> _To do_:
Beginning with the line containing "I can have eggs", transcribe every line exactly down to the last one in the records below, and drop the pictures.
□ □ □
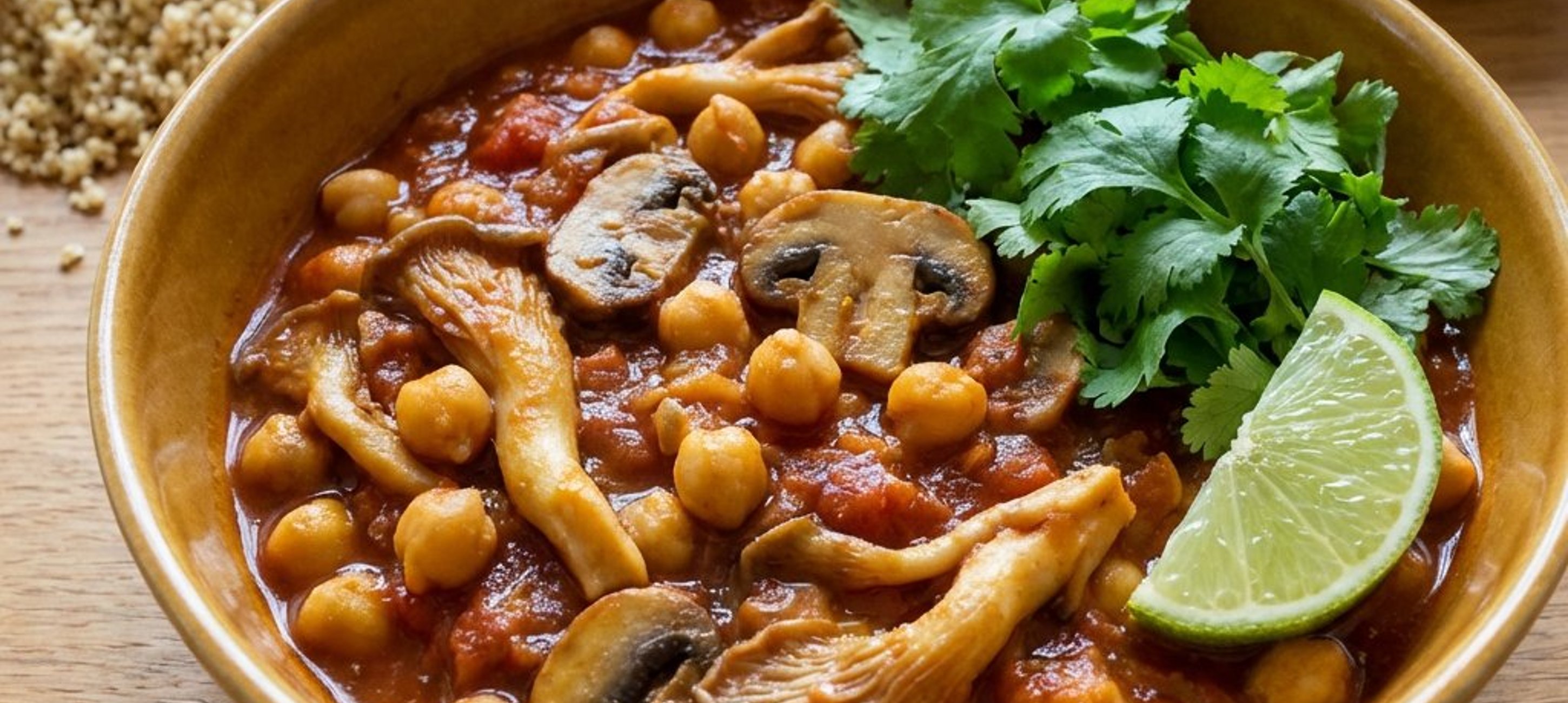 - 4Die Kichererbsen-Pfanne zusammen mit dem Vollkorn-Couscous anrichten. Jede Portion mit frisch gezupftem Koriander und einer Limettenspalte garnieren.
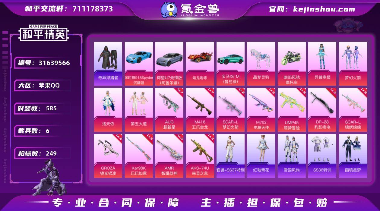 有各种稀有套装,如红眼罩,奇异狩猎者,蓝螳螂,长安公主等各种自带动作的紫装
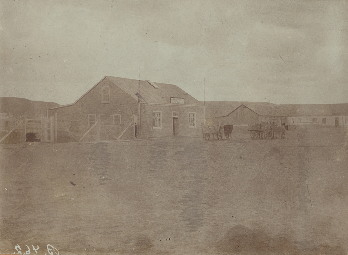 Fotografi från första svenska Antarktisexpeditionen 1901-1904. Motiv av hästar spända framför kärror utanför hus.
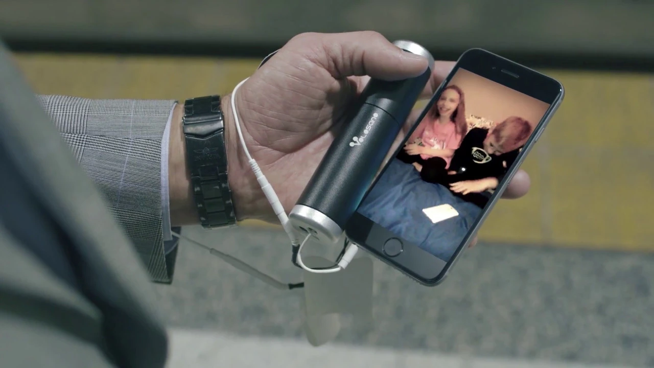 Volosano micSTICK™ is a discreet, portable device that transforms the user's iPhone into a powerful tool to combat the common aches and pains associated with frequent travel. Volosano works by utilizing small electrodes to send micro-pulse of low frequency micro-current to the damaged cells that cause pain. These micro-pulses penetrate the inflamed cells, restore the essential blood supply and remove cell waste. Volosano is powered via the user’s iPhone and operates by an App. This App allows the user to access pre-installed custom treatment programs, electrode placement guides by an interactive body diagram.
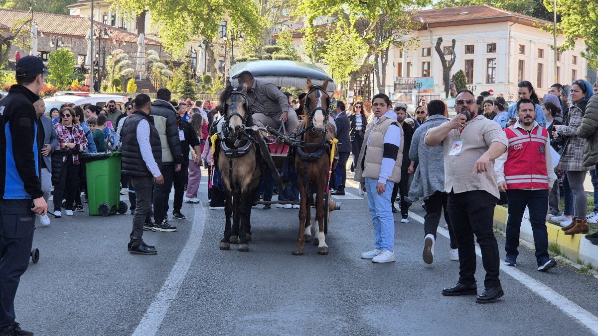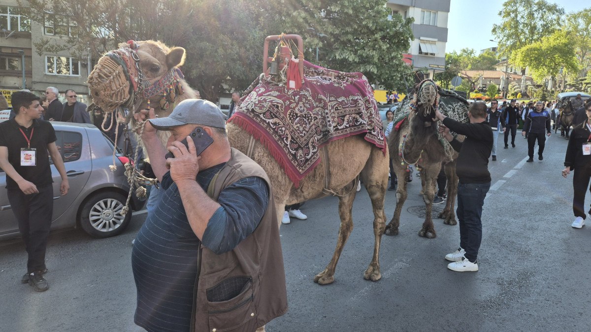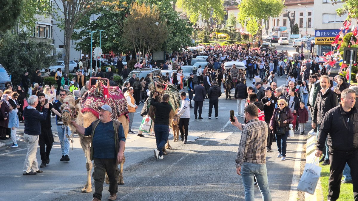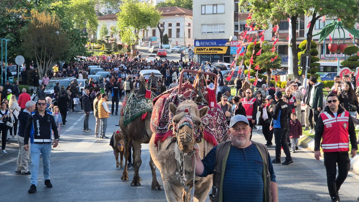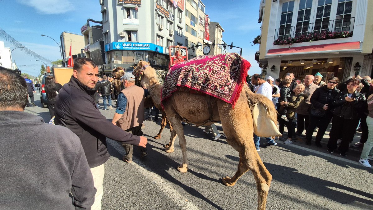 Kortejde yer alan süslenmiş fayton ve deve, çocuklar başta olmak üzere iştirakçilerin büyük ilgisini çekti.
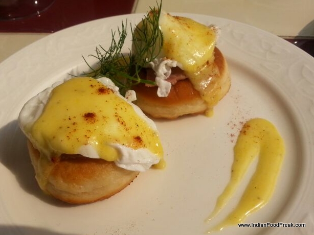 I can have eggs Benedict (Rs160) anytime and I have for the mid day meal. The yolk flows well, hollandaise is perfectly balanced and the muffin is nice. I like the bacon that is served along, however either the menu or the order taker should warn people who may not know that the preparation contains it.
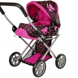 Kočík Alice pre bábiky je ľahký, jednoducho ovládateľný a skvelý pre všetky malé "mamičky". Konštrukcia je z odolného kovu, čo zaisťuje stabilitu a dlhú životnosť. Čierno-ružový dizajn s bodkami dodáva kočíku elegantný vzhľad, zatiaľ čo skladacia funkcia umožňuje jednoduché prenášanie a skladovanie.
□ □ □
> _Result for this exercise_:
 I can have eggs Benedict (Rs160) anytime and I have for the mid day meal. The yolk flows well, hollandaise is perfectly balanced and the muffin is nice. I like the bacon that is served along, however either the menu or the order taker should warn people who may not know that the preparation contains it.
 Kočík Alice pre bábiky je ľahký, jednoducho ovládateľný a skvelý pre všetky malé "mamičky". Konštrukcia je z odolného kovu, čo zaisťuje stabilitu a dlhú životnosť. Čierno-ružový dizajn s bodkami dodáva kočíku elegantný vzhľad, zatiaľ čo skladacia funkcia umožňuje jednoduché prenášanie a skladovanie.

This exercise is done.